* _Exercise brief_:
Only the lines from the one with "interference (VDS-I model)" through the end of the material are wanted, copied exactly and with the pictures left out.

* _Source material_:
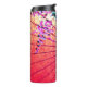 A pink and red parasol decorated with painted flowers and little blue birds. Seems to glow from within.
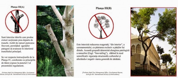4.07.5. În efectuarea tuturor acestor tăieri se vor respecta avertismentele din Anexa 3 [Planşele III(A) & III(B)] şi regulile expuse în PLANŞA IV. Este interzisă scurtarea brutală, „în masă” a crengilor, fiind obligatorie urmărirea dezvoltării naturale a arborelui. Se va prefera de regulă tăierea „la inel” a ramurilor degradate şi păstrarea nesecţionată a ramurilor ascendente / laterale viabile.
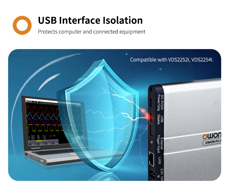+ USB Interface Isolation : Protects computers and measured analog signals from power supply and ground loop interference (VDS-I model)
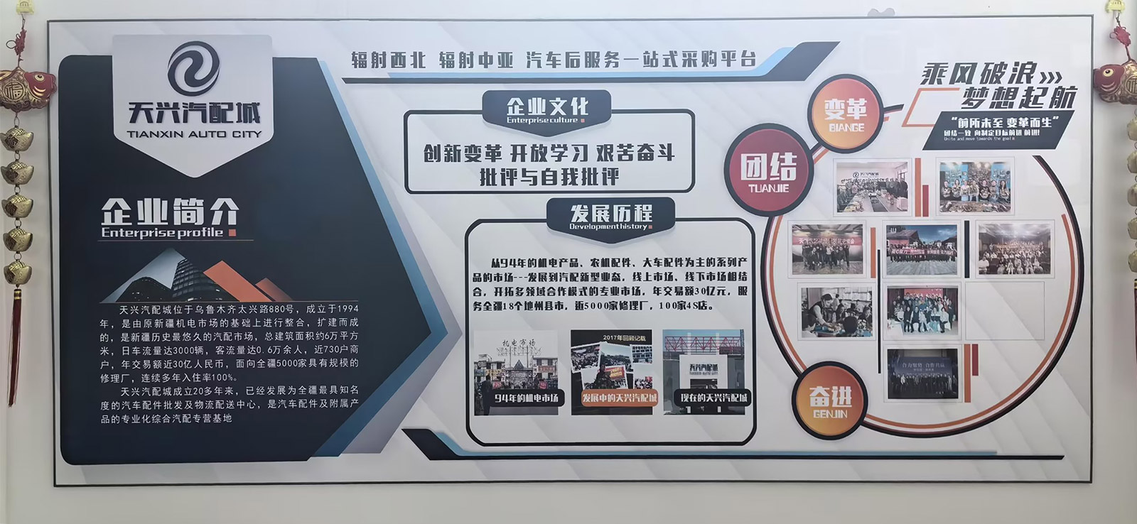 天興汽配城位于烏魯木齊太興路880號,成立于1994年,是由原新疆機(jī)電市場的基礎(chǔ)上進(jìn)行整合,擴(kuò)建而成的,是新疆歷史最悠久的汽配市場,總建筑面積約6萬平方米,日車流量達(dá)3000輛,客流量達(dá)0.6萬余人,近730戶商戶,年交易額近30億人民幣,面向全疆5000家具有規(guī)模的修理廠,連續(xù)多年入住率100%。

* _Task answer_:
+ USB Interface Isolation : Protects computers and measured analog signals from power supply and ground loop interference (VDS-I model)
 天興汽配城位于烏魯木齊太興路880號,成立于1994年,是由原新疆機(jī)電市場的基礎(chǔ)上進(jìn)行整合,擴(kuò)建而成的,是新疆歷史最悠久的汽配市場,總建筑面積約6萬平方米,日車流量達(dá)3000輛,客流量達(dá)0.6萬余人,近730戶商戶,年交易額近30億人民幣,面向全疆5000家具有規(guī)模的修理廠,連續(xù)多年入住率100%。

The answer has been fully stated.